Within the lines below, the span from the line with "VIVA - Seekor" to the line with "Optional kann das", both ends included, is to be reproduced exactly, with pictures omitted.

(Input data):

--------------------

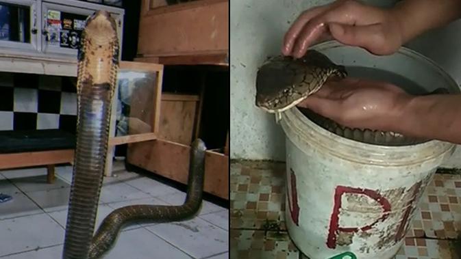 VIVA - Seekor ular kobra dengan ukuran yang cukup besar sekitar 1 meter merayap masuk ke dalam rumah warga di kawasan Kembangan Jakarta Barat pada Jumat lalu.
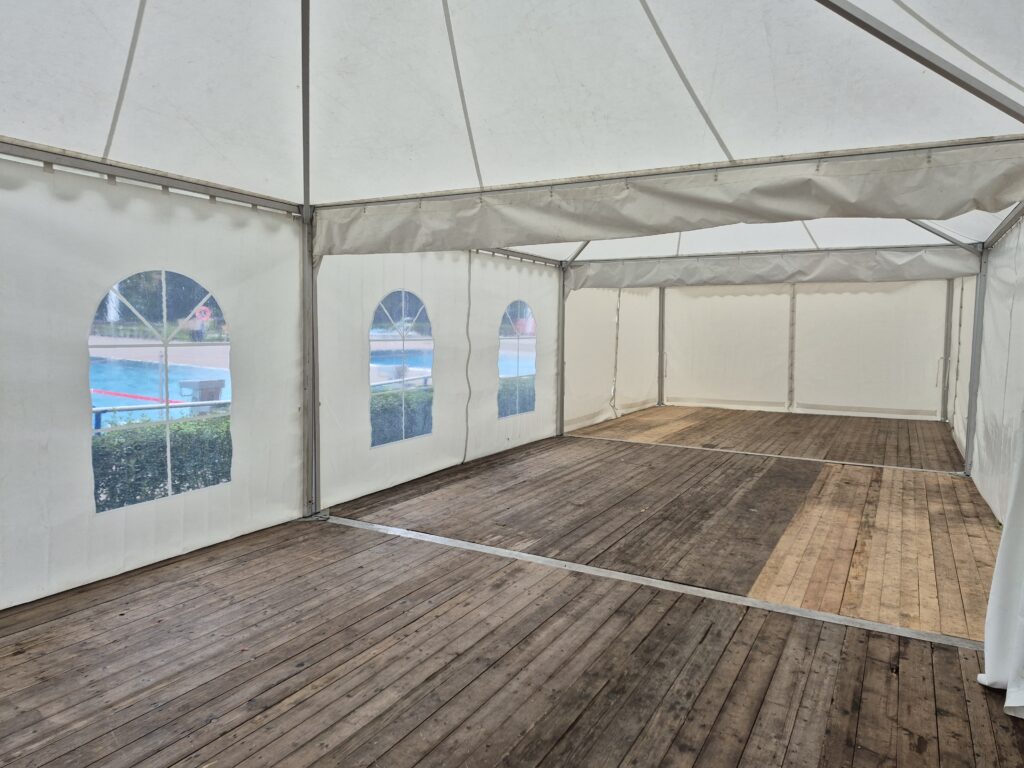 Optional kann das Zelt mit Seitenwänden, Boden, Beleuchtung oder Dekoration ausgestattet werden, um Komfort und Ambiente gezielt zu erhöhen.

--------------------

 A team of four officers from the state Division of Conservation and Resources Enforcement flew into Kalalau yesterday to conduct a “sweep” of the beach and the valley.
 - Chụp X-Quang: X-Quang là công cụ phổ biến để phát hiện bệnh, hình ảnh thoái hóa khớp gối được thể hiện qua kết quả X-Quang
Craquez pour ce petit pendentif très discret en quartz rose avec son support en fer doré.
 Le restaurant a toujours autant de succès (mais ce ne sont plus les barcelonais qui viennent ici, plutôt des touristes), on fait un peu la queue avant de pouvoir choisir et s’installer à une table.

--------------------

(Answer for the task):
 VIVA - Seekor ular kobra dengan ukuran yang cukup besar sekitar 1 meter merayap masuk ke dalam rumah warga di kawasan Kembangan Jakarta Barat pada Jumat lalu.
 Optional kann das Zelt mit Seitenwänden, Boden, Beleuchtung oder Dekoration ausgestattet werden, um Komfort und Ambiente gezielt zu erhöhen.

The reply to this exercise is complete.